PCOS
国際的な診療ガイドラインに基づく
概要
多嚢胞性卵巣症候群(たのうほうせいらんそうしょうこうぐん、PCOS)は、卵巣でホルモンのバランスが乱れることで起こる病気です。卵巣に小さな嚢胞(のうほう:体液がたまった袋)がたくさんできることが特徴ですが、これは症状の一部にすぎません。PCOSは、月経(生理)不順、ニキビ、体毛が濃くなる、体重増加などを引き起こすことがあります。
重要な事実
- PCOSは女性ホルモンとインスリン(血糖を調整するホルモン)のバランスが乱れることで起こります
- 症状は人によって大きく異なり、軽い人もいれば重い人もいます
- 適切な管理で症状を改善し、健康リスクを減らせます
はい、PCOSはとてもよく見られる病気です。女性の約10人に1人がかかると言われています。

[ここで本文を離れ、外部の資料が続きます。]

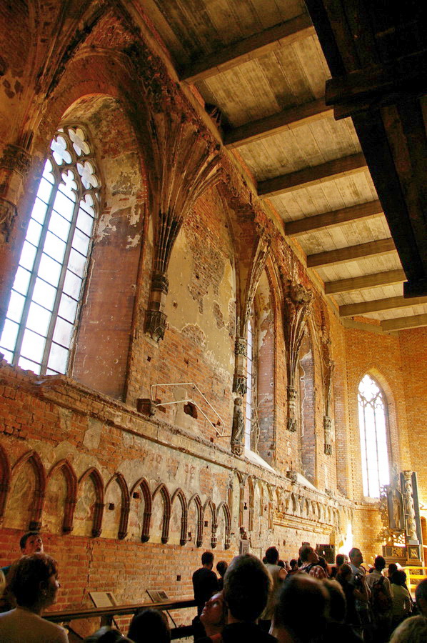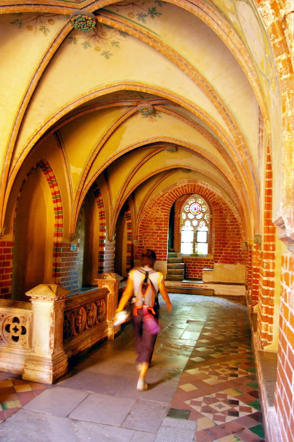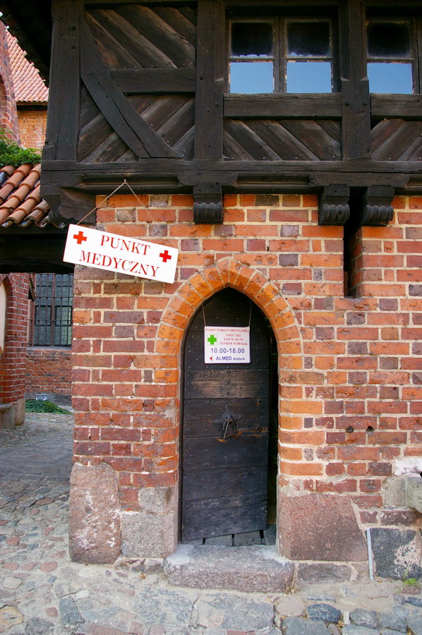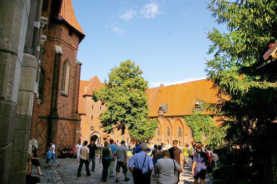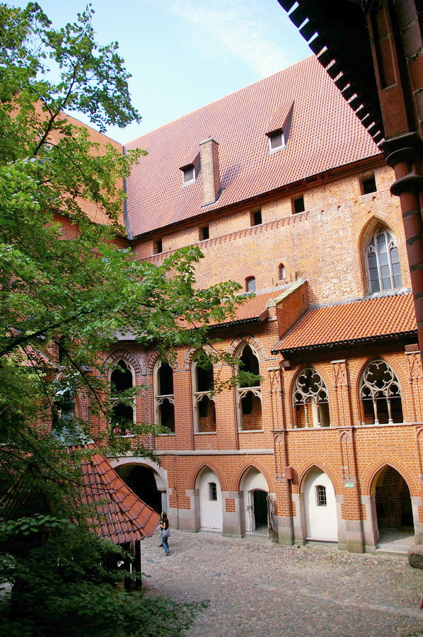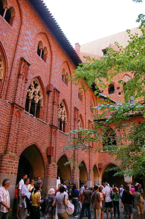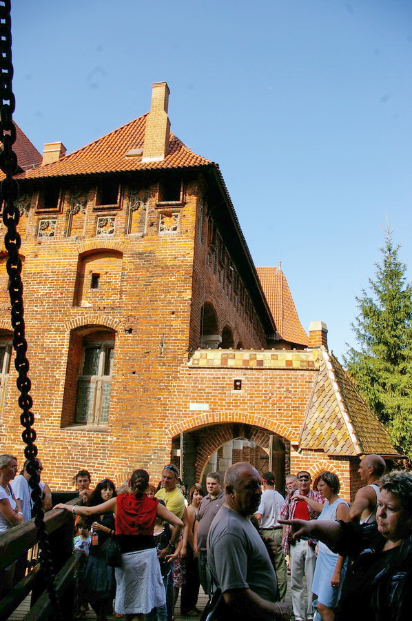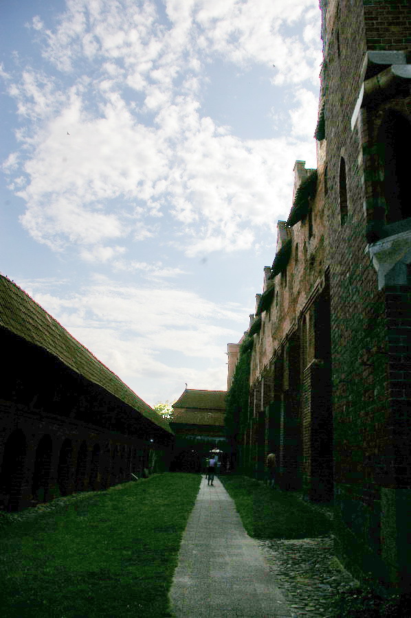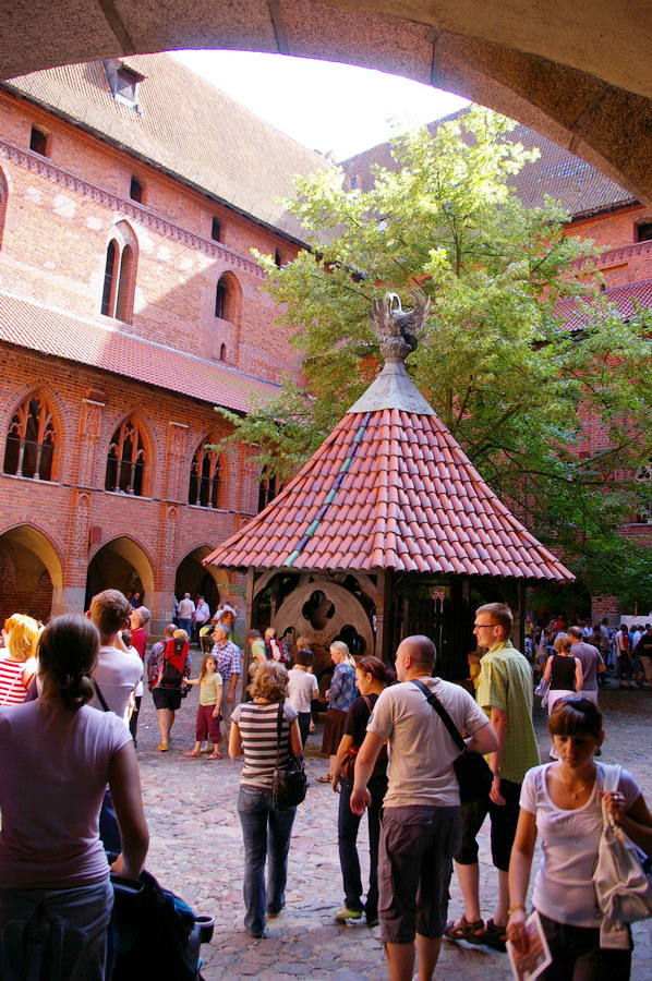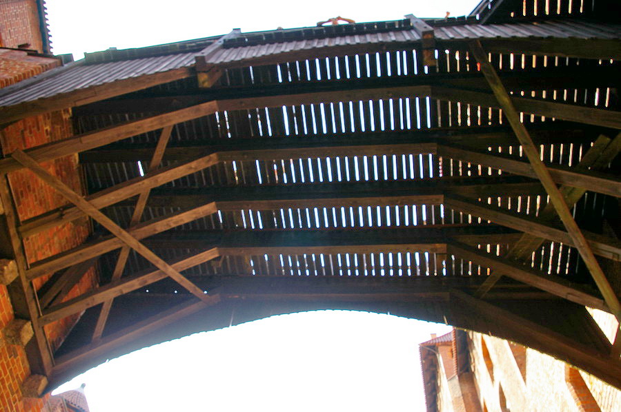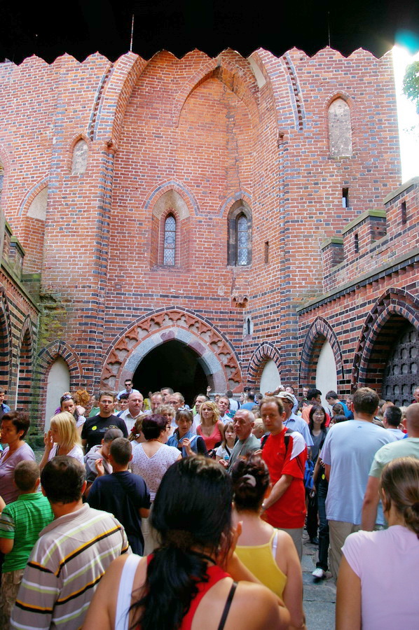 Belaukiant eksursijos tęsinio, pafotkinau Aukštutinę pilį. Tai geriausiai išsilaikiusi ir labiausiai retauruota Malborko pilies dalis, tačiau ten irgi dar yra ką daryti. Susirinkus eksursijai, mediniu tiltu nuėjome į vidų. Prieš vartus mums papasakojo, kad čia iš esmės buvo vyrų vienuolynas, į kurį moterims įeiti buvo uždrausta. Brolių-vienuolių nebūdavo daug (maks. 100-120), tačiau jie surinkdavo didžiules kariuomenes iš visos Europos žygiams prieš pagonis. Vartų bokšto viršuje yra anga, pro kurią pildavo karštą smalą arba vandenį, nors to niekad neprisireikė – pilis niekad nebuvo užimta.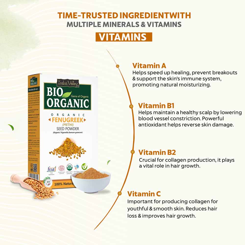 Bio Organic Fenugreek Seed Powder is carefully prepared from organically cultivated fenugreek seeds that are naturally shade-dried and finely ground to preserve their goodness. This 100% pure and certified organic powder is valued for its versatile benefits for both beauty and wellness.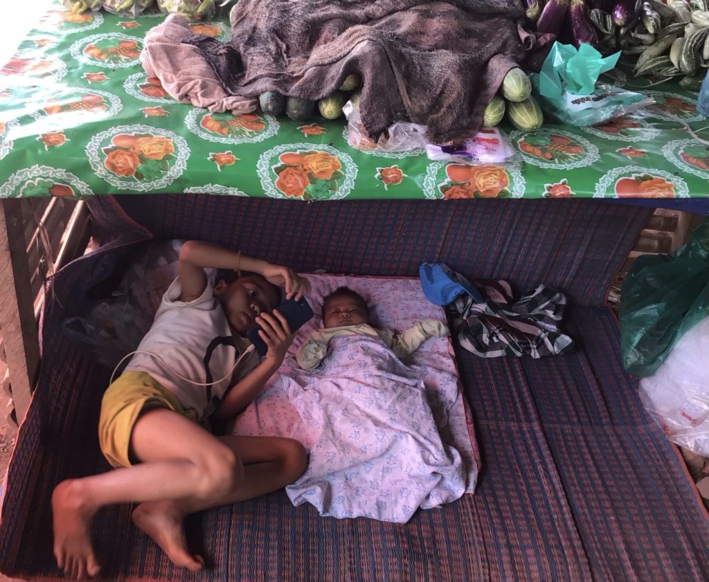 Un peu plus loin, je découvre les enfants d’une vendeuse installés sous le stand. Evidemment, la grande est sur son portable pendant que son frangin roupille.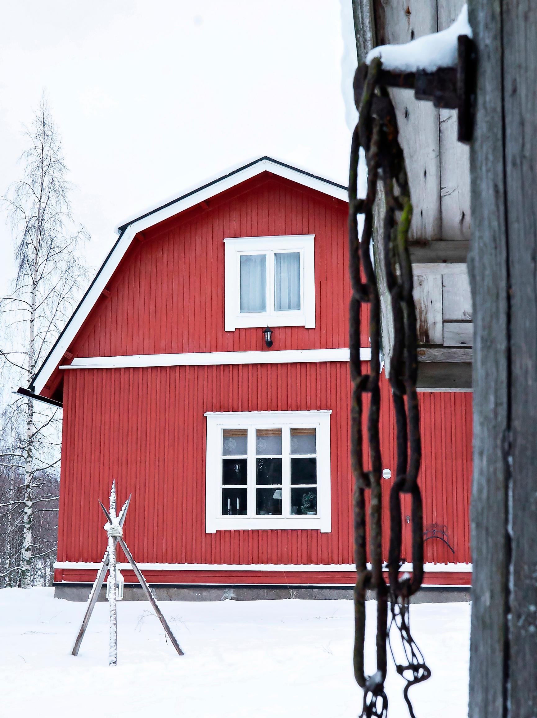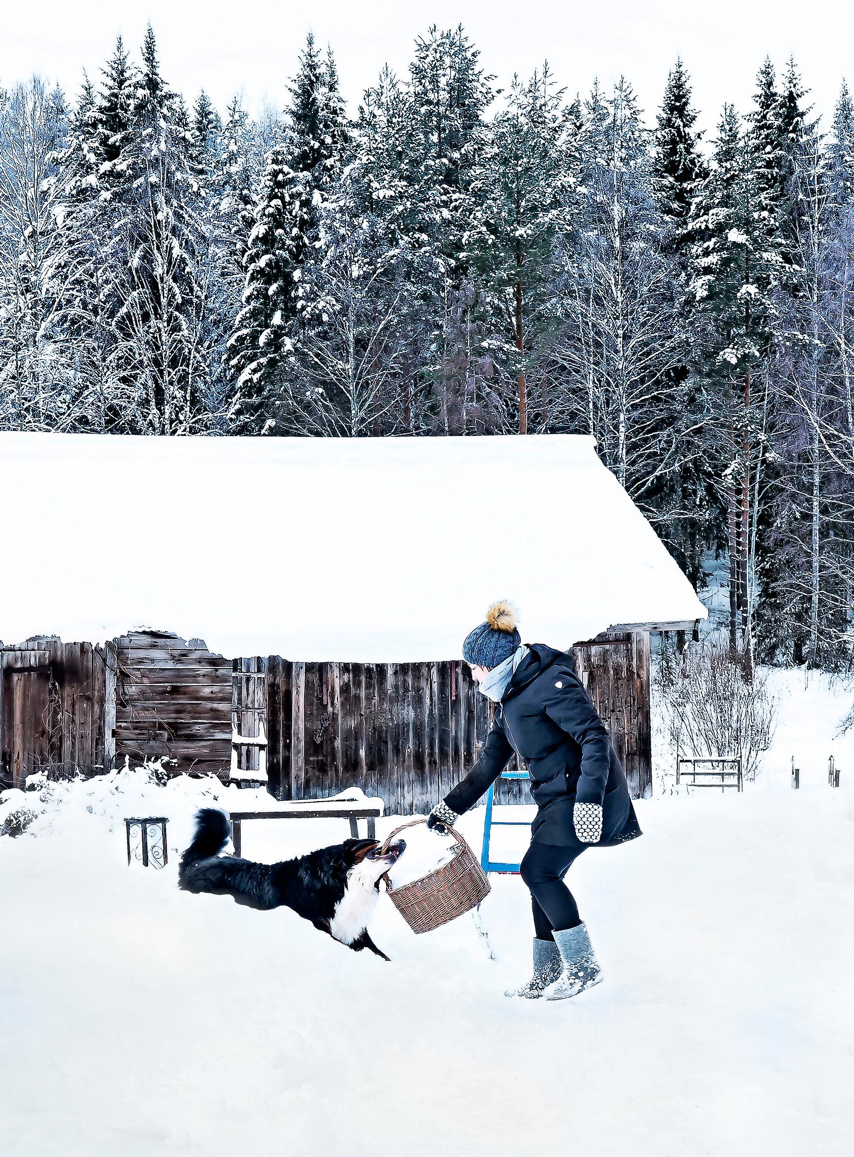 Mistä tietää, että Myllylät ovat mökillään? Punaisen, mansardikattoisen talon pihaan porhaltaa halki lumisten peltojen berninpaimenkoira Manu. Pian vanhan navetan takaa ilmestyvät esiin Elisa ja Arto potkureillaan. On aika kääntää kelkat kohti metsätietä, joka johtaa rantasaunalle.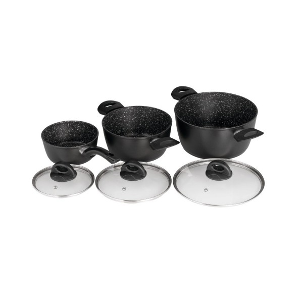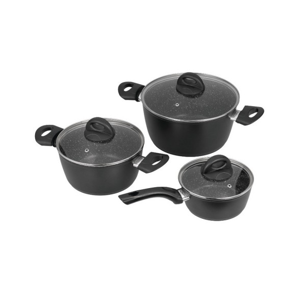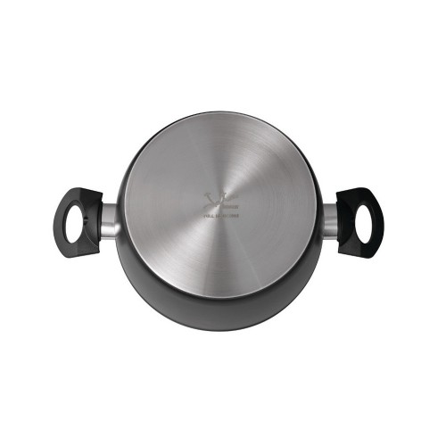 Batería de cocina 3 piezas con tapas. Fondo difusor inducción total y base sandwich de 3 mm para mantenimiento, control y difusión perfecta del calor.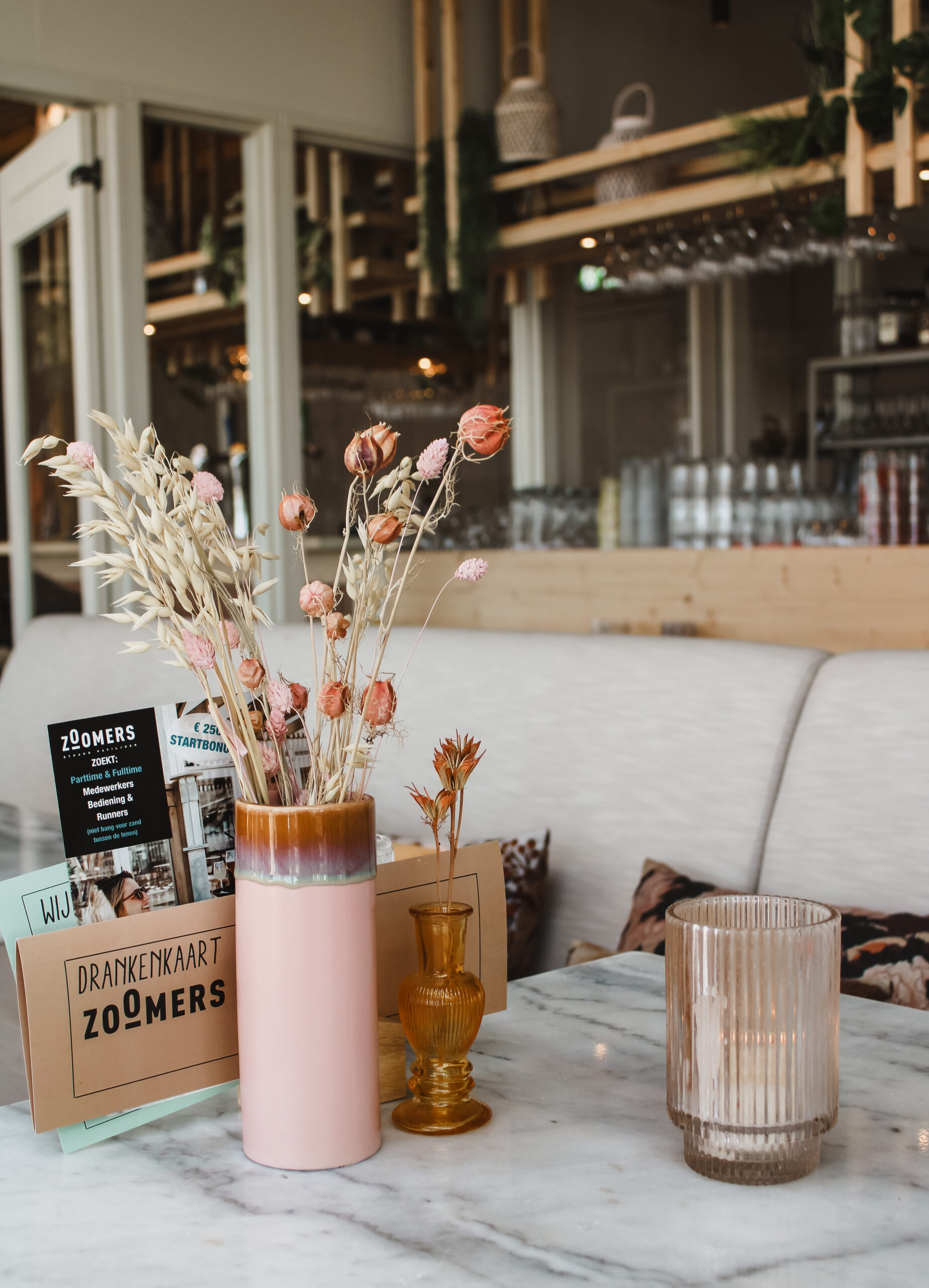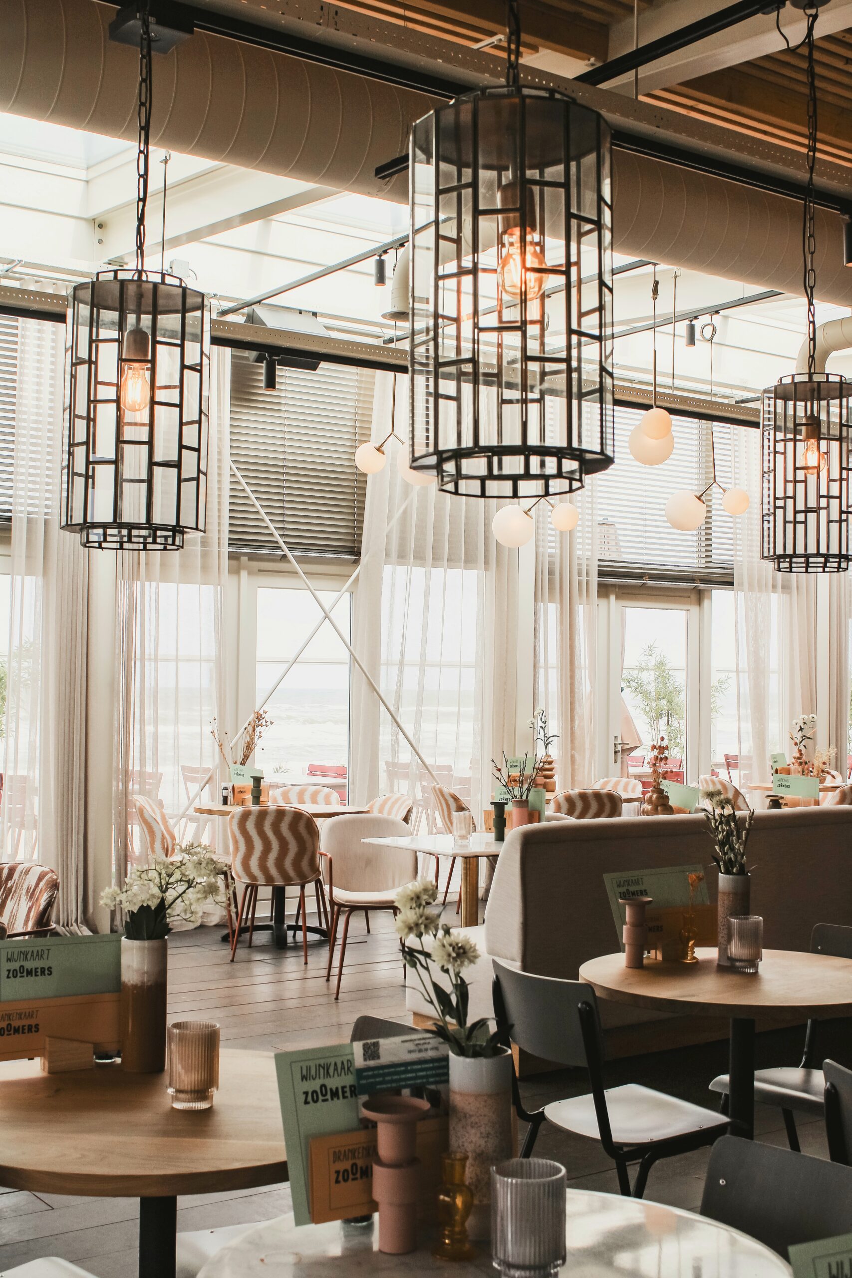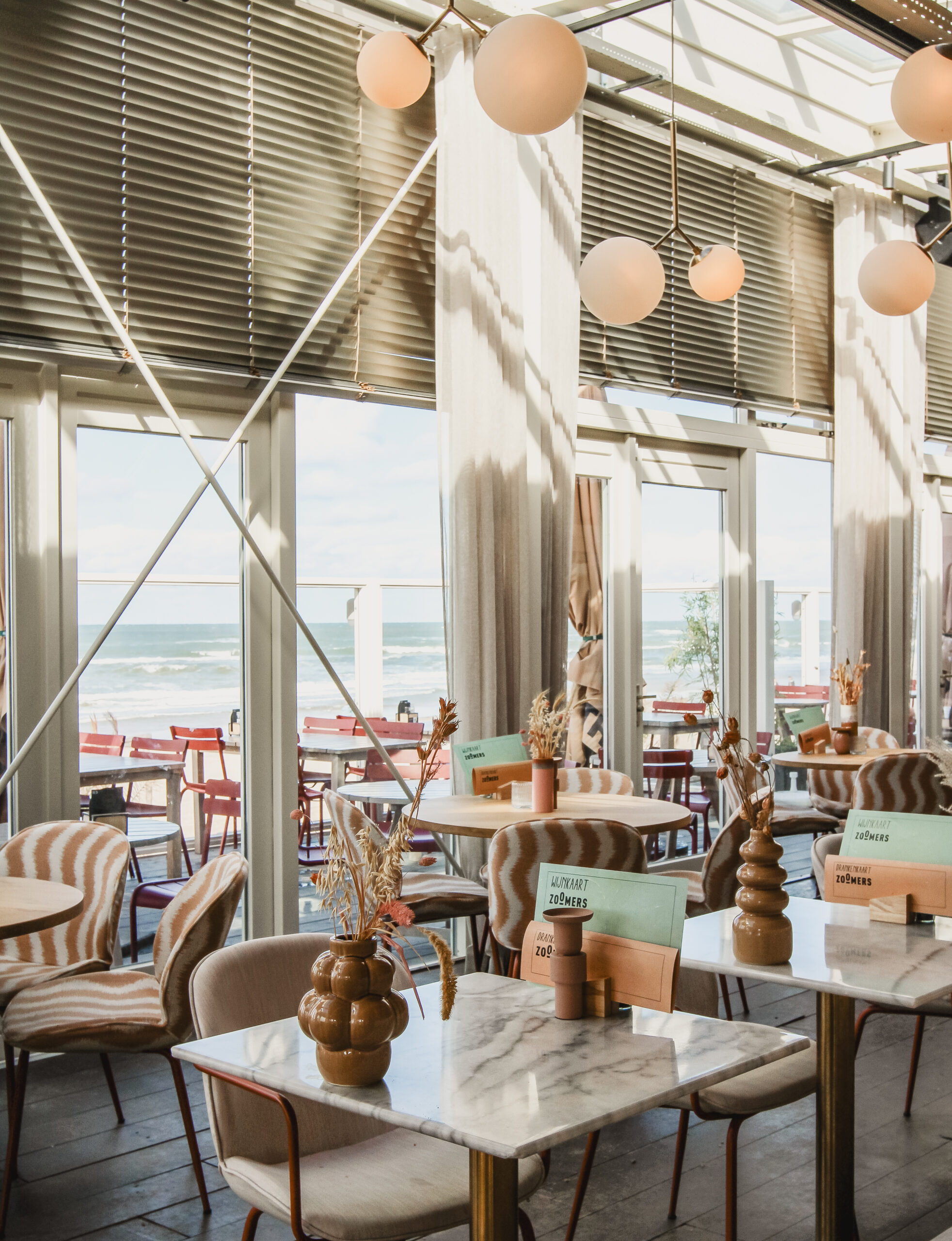 Voor Restaurant & Paviljoen Zoomers in Castricum aan Zee verzorgde Manon de Groot het volledige interieurontwerp van deze bijzondere locatie aan de kust. Na een intensieve verbouwing van vijf maanden is het paviljoen getransformeerd tot een eigentijdse, luxueuze plek waarin natuur en verfijning naadloos samenkomen.

主に妊娠可能な年齢(10代後半から40代)の女性に影響します。特に20代から30代で診断されることが多いです。思春期の少女にも見られます。
症状
- 急な激しい下腹部の痛み(卵巣嚢胞の破裂や捻転(ねんてん)の可能性)
- 大量の出血でふらつく、意識がもうろうとする
- 突然の息切れや胸の痛み(血栓の可能性)
- ⚠生理が3ヶ月以上来ない
- ⚠出血が止まらず貧血症状(めまい、疲れやすい)がある
- ⚠急に体重が増えたり、ニキビや体毛が増えたりした
一般的な症状
- 月経不順(生理が来ない、不規則、量が少ないまたは多い)
- にきび(特に顔や背中)
- 体毛が濃くなる(顔、胸、お腹、太ももなど)
- 体重増加または減量しにくい
- 頭頂部の髪が薄くなる(男性型脱毛)
- 皮膚の色素沈着(首の後ろや脇の下が黒ずむ)
- 卵巣に小さな嚢胞(のうほう)ができる
子供の症状
- 思春期に月経が始まらないまたは不規則
- 年齢のわりにひどいニキビ
- 早い時期から体毛が濃くなる
- 体重増加や肥満
高齢者の症状
- 更年期以降は生理がなくなるため、月経関連の症状は減ります
- インスリン抵抗性(血糖コントロールの異常)が続き、2型糖尿病のリスクが高まります
- 脂質異常症(コレステロールや中性脂肪の異常)や高血圧のリスクが上がります
- 子宮内膜がん(子宮の内側の組織にできるがん)のリスクがわずかに高まることがあります(生理が少ないため)
原因
主な原因
- ホルモンバランスの乱れ(特に黄体形成ホルモンと性ホルモンのバランス異常)
- インスリン抵抗性(インスリンが効きにくく、体がより多くのインスリンを作る状態)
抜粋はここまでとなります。